A couple other DBCC statements that have been laid to rest are DBCCPINTABLE and DBCCUNPINTABLE. The first was used to mark a table as pinned, and the second to mark it as unpinned. If a table were pinned, the database engine would not flush the table’s pages from memory.

Microsoft introduced the ability to pin a table in SQL Server 6.5 as a way to boost performance. Unfortunately, pinning a table resulted in adverse effects, such as damaging the buffer pool or causing the server to run out of memory. It wasn’t long before Microsoft disabled these statements, although they’re still part of the T-SQL lexicon. They just don’t do anything.

The DBCCROWLOCK is another statement that goes back to SQL Server 6.5. The statement enabled Insert Row Locking (IRL) operations on a database’s tables. However, this capability became unnecessary because Microsoft soon automated row locking. In fact, by SQL Server 2000, the statement was included for backward compatibility only, although it wasn’t until SQL Server 2014 that Microsoft finally removed the statement.

Microsoft also removed the DBCCTEXTALL and DBCCTEXTALLOC statements from SQL Server 2014. The DBCCTEXTALL statement verified the integrity of the text, ntext, and image columns for all tables in a database. The DBCCTEXTALLOC statement did the same thing, but only for a specified table. Both statements originated with SQL Server 6.5 and by SQL Server 2000 were included for backward compatibility only.

No doubt, plenty of other T-SQL statements have come and gone, many without leaving a paper trail, but SQL Server 2014 seemed particularly hard on DBCC statements. Perhaps Microsoft saw that as a good time to do a bit of house-cleaning.

English Query

Introduced in SQL Server 6.5, English Query made it possible to automatically transform a question or statement written in English into a T-SQL statement. Microsoft offered English Query as part of SQL Server and as a standalone product.

English Query included a development environment and runtime engine to support the query transformation process. Ideally, an end user could type a question into an application’s text box, English Query would interpret the question and generate the T-SQL query, and the database engine would return the results, just like any other query.

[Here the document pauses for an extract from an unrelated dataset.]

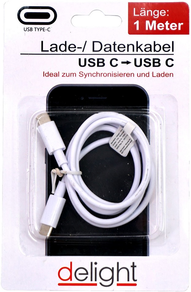 Lade-/Datenkabel USB-C zu USB-C Anschluss ca. 1m Weiß, einzeln verpackt auf Blis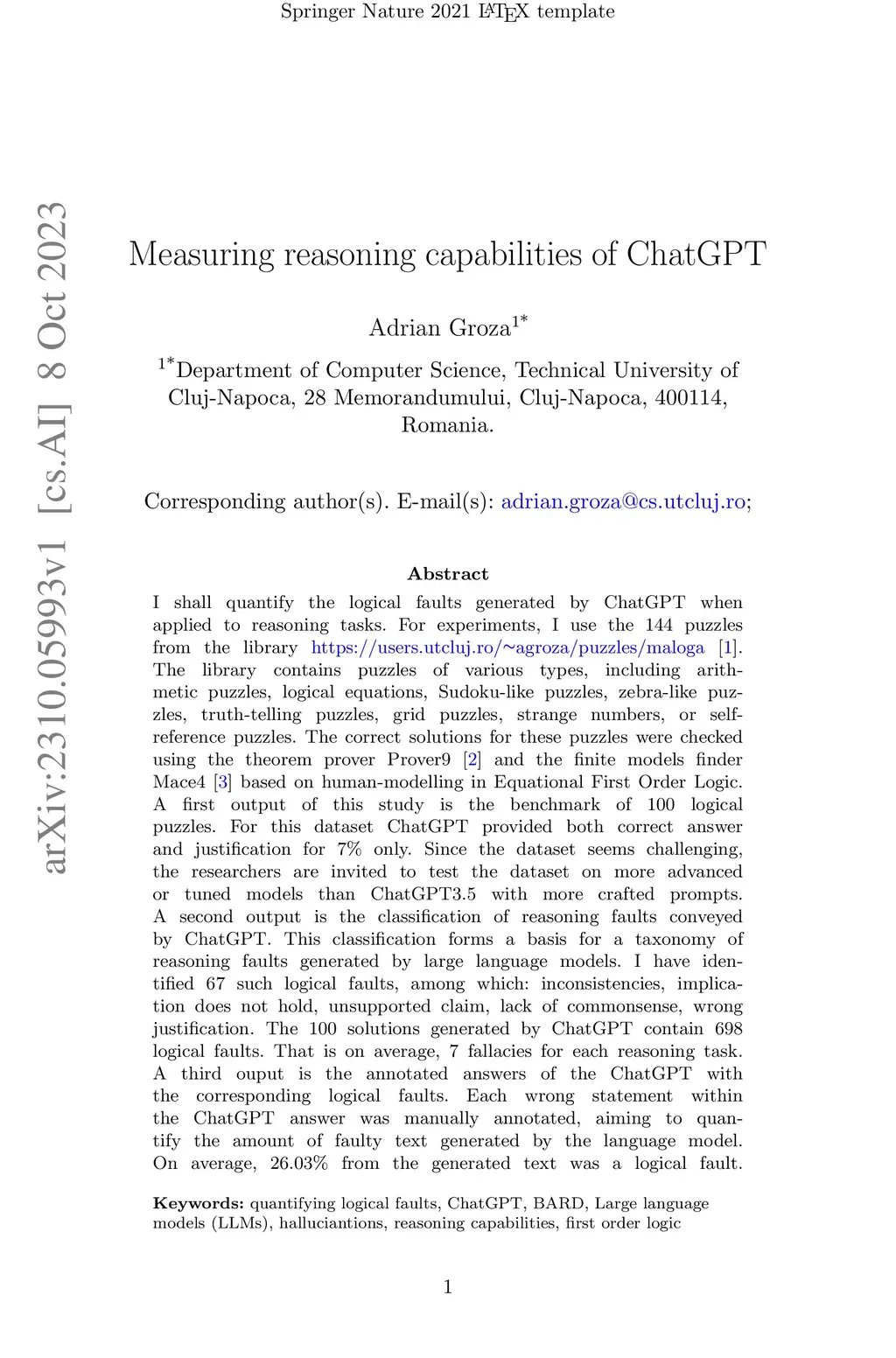 I shall quantify the logical faults generated by ChatGPT when applied to reasoning tasks. For experiments, I use the 144 puzzles from the library \url{https://users.utcluj.ro/~agroza/puzzles/maloga}~\cite{groza:fol}. The library contains puzzles of various types, including arithmetic puzzles, logical equations, Sudoku-like puzzles, zebra-like puzzles, truth-telling puzzles, grid puzzles, strange numbers, or self-reference puzzles. The correct solutions for these puzzles were checked using the theorem prover Prover9~\cite{mccune2005release} and the finite models finder Mace4~\cite{mccune2003mace4} based on human-modelling in Equational First Order Logic. A first output of this study is the benchmark of 100 logical puzzles. For this dataset ChatGPT provided both correct answer and justification for 7\% only. %, while BARD for 5\%. Since the dataset seems challenging, the researchers are invited to test the dataset on more advanced or tuned models than ChatGPT3.5 with more crafted prompts. A second output is the classification of reasoning faults conveyed by ChatGPT. This classification forms a basis for a taxonomy of reasoning faults generated by large language models. I have identified 67 such logical faults, among which: inconsistencies, implication does not hold, unsupported claim, lack of commonsense, wrong justification. The 100 solutions generated by ChatGPT contain 698 logical faults. That is on average, 7 fallacies for each reasoning task. A third ouput is the annotated answers of the ChatGPT with the corresponding logical faults. Each wrong statement within the ChatGPT answer was manually annotated, aiming to quantify the amount of faulty text generated by the language model. On average, 26.03\% from the generated text was a logical fault.

In SQL Server 2005, Microsoft ditched English Query altogether. From then on, customers could no longer install or upgrade the product. However, if they upgraded a SQL Server 2000 instance to SQL Server 2005, and English Query had been implemented in the original installation, the English Query component would still work. In addition, customers with a SQL Server 2005 license could apparently install SQL Server 2000 and then use English Query against a SQL Server 2005 database, but those days are long gone.

Like many SQL Server features, English Query received an assortment of mixed reviews. Some developers liked it and made use of it. Others did not. At some point, Microsoft must have determined there was not enough interest in the feature to bother, so English Query got the axe, which came as a surprise to a number of users.

Perhaps in this case, Microsoft had been ahead of its time. When you consider how far we’ve come with technologies such as Siri, Google Assistant, and even Cortana, the potential for English Query was certainly there.

Native XML Web Services

In SQL Server 2005, Microsoft added Native XML Web Services to provide a standards-based structure for facilitating access to the database engine. Using these services, an application could send a Simple Object Access Protocol (SOAP) request to a SQL Server instance in order to execute T-SQL batch statements, stored procedures, or scalar-valued user-defined functions.

To carry out these operations, a SOAP/HTTP endpoint had to be defined on the server to provide a gateway for HTTP clients issuing SOAP requests. The T-SQL modules (batch statements, procedures, and functions) were made available as web methods to the endpoint users. Together these methods formed the basis of the web service.

Microsoft deprecated the Native XML Web Services in SQL Server 2008, with the recommendation that any SOAP/HTTP endpoints be converted to ASP.NET or Windows Communications Foundation (WCF) endpoints. These newer technologies were considered more robust, scalable, and secure than SOAP. Microsoft eventually removed the Native XML Web Services feature altogether.

Northwind and pubs databases

Who among us does not remember the pubs and Northwind databases? Even today, you can find references to them strewn across the web (mostly in outdated resources). They certainly deserve a mention as we stroll down memory lane.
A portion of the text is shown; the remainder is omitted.